● RECORDS SUPPLIED
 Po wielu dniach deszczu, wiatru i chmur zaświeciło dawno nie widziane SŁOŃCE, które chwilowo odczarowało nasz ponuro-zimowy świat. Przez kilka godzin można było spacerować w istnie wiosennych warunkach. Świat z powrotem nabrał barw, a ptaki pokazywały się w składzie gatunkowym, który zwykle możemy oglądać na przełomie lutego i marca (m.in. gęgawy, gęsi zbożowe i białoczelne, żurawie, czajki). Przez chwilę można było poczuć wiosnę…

==

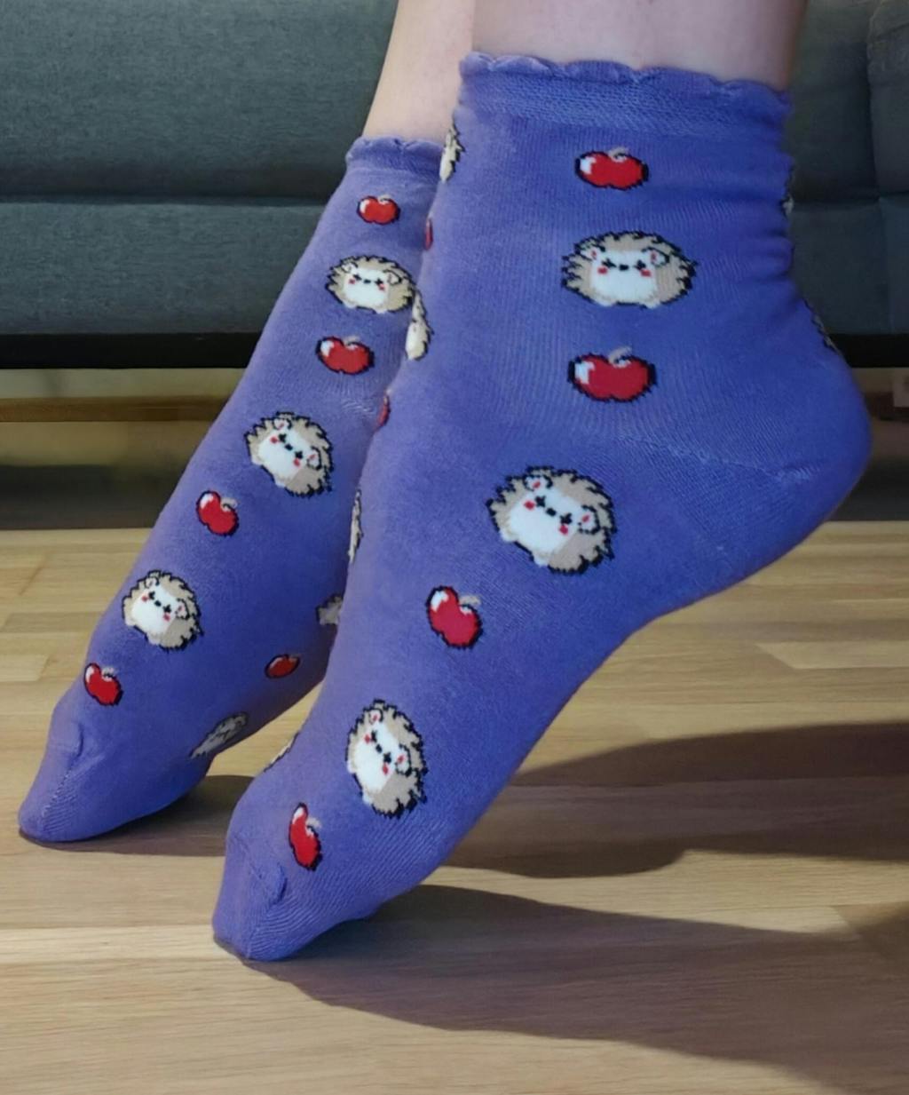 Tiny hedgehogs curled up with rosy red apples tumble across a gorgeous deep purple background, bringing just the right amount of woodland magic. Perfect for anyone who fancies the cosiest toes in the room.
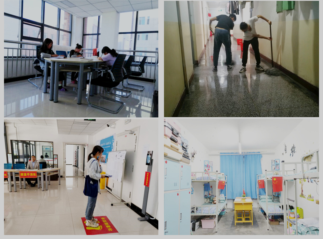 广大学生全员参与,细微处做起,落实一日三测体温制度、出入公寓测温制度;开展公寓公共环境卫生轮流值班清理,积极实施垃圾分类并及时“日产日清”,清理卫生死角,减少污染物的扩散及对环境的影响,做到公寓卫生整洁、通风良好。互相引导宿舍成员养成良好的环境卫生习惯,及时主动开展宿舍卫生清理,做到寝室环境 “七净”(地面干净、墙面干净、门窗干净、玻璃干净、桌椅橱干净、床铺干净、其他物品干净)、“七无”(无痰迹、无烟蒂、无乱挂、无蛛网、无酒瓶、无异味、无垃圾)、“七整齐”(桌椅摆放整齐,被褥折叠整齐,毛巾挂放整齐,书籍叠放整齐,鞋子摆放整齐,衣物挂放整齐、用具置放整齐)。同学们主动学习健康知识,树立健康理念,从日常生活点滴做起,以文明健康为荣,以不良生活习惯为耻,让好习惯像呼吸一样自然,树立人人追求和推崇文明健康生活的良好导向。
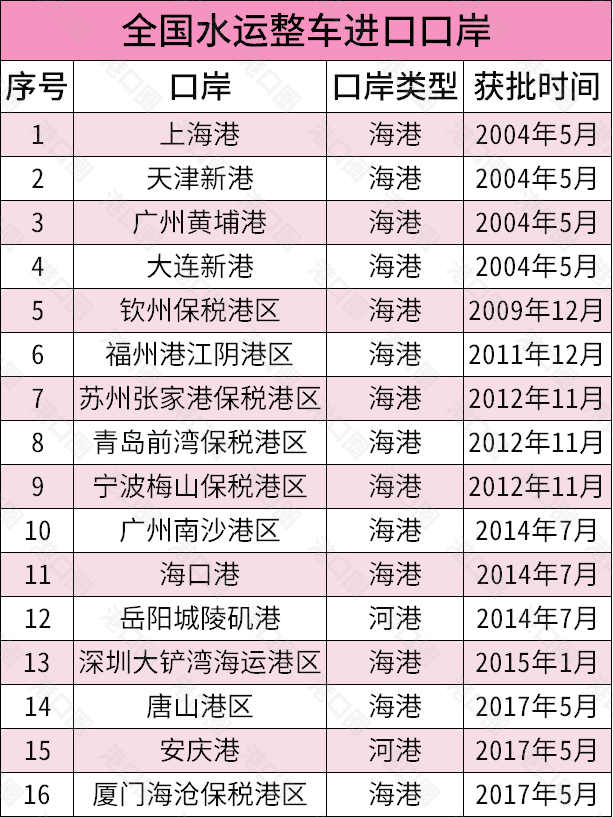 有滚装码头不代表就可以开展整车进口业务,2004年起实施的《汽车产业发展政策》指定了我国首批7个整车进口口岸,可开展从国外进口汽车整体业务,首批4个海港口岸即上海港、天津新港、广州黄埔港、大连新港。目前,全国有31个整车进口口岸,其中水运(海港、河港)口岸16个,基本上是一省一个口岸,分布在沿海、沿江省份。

---

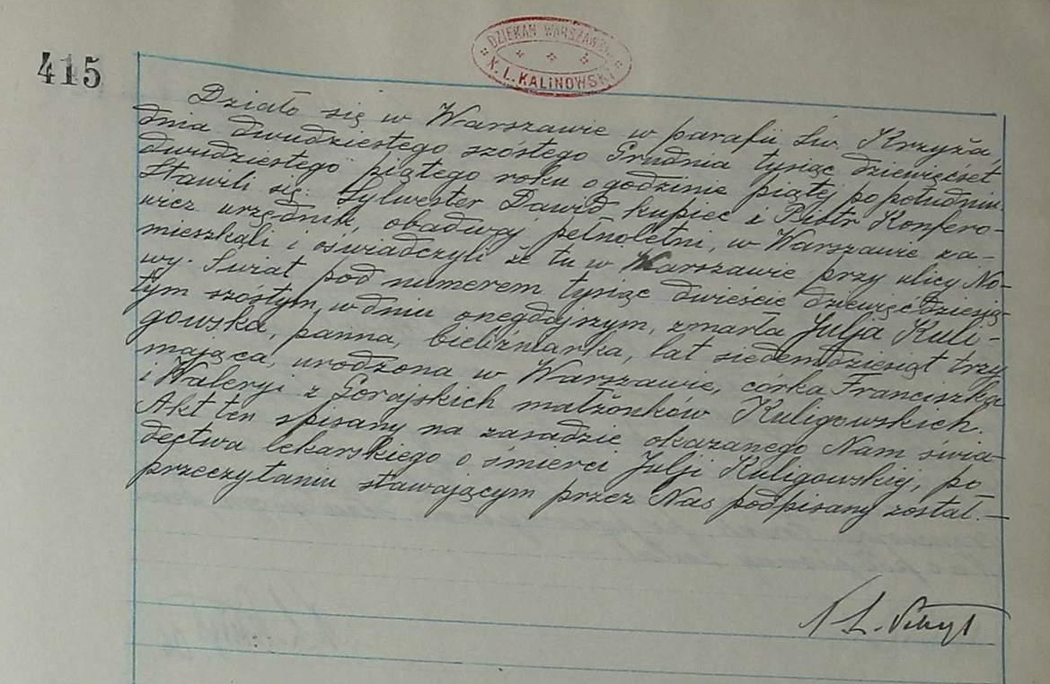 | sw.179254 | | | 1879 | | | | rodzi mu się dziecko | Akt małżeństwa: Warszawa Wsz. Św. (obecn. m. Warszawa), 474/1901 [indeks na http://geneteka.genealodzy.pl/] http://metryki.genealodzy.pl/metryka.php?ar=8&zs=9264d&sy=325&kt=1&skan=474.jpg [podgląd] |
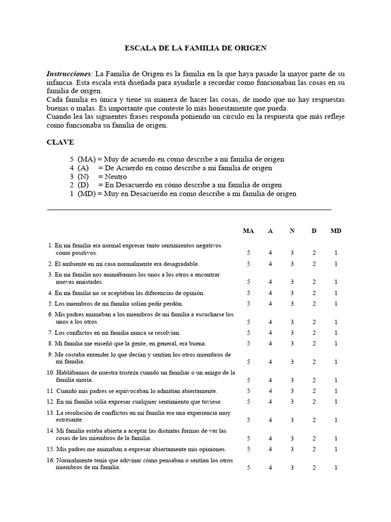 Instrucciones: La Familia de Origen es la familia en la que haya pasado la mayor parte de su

● TASK DESCRIPTION
Repeat, without pictures, exactly the lines of the data above from the one containing "广大学生全员参与,细微处做起" through the one containing "有滚装码头不代表就可以开展整", including both and adding nothing.

● RESULT BELOW
 广大学生全员参与,细微处做起,落实一日三测体温制度、出入公寓测温制度;开展公寓公共环境卫生轮流值班清理,积极实施垃圾分类并及时“日产日清”,清理卫生死角,减少污染物的扩散及对环境的影响,做到公寓卫生整洁、通风良好。互相引导宿舍成员养成良好的环境卫生习惯,及时主动开展宿舍卫生清理,做到寝室环境 “七净”(地面干净、墙面干净、门窗干净、玻璃干净、桌椅橱干净、床铺干净、其他物品干净)、“七无”(无痰迹、无烟蒂、无乱挂、无蛛网、无酒瓶、无异味、无垃圾)、“七整齐”(桌椅摆放整齐,被褥折叠整齐,毛巾挂放整齐,书籍叠放整齐,鞋子摆放整齐,衣物挂放整齐、用具置放整齐)。同学们主动学习健康知识,树立健康理念,从日常生活点滴做起,以文明健康为荣,以不良生活习惯为耻,让好习惯像呼吸一样自然,树立人人追求和推崇文明健康生活的良好导向。
 有滚装码头不代表就可以开展整车进口业务,2004年起实施的《汽车产业发展政策》指定了我国首批7个整车进口口岸,可开展从国外进口汽车整体业务,首批4个海港口岸即上海港、天津新港、广州黄埔港、大连新港。目前,全国有31个整车进口口岸,其中水运(海港、河港)口岸16个,基本上是一省一个口岸,分布在沿海、沿江省份。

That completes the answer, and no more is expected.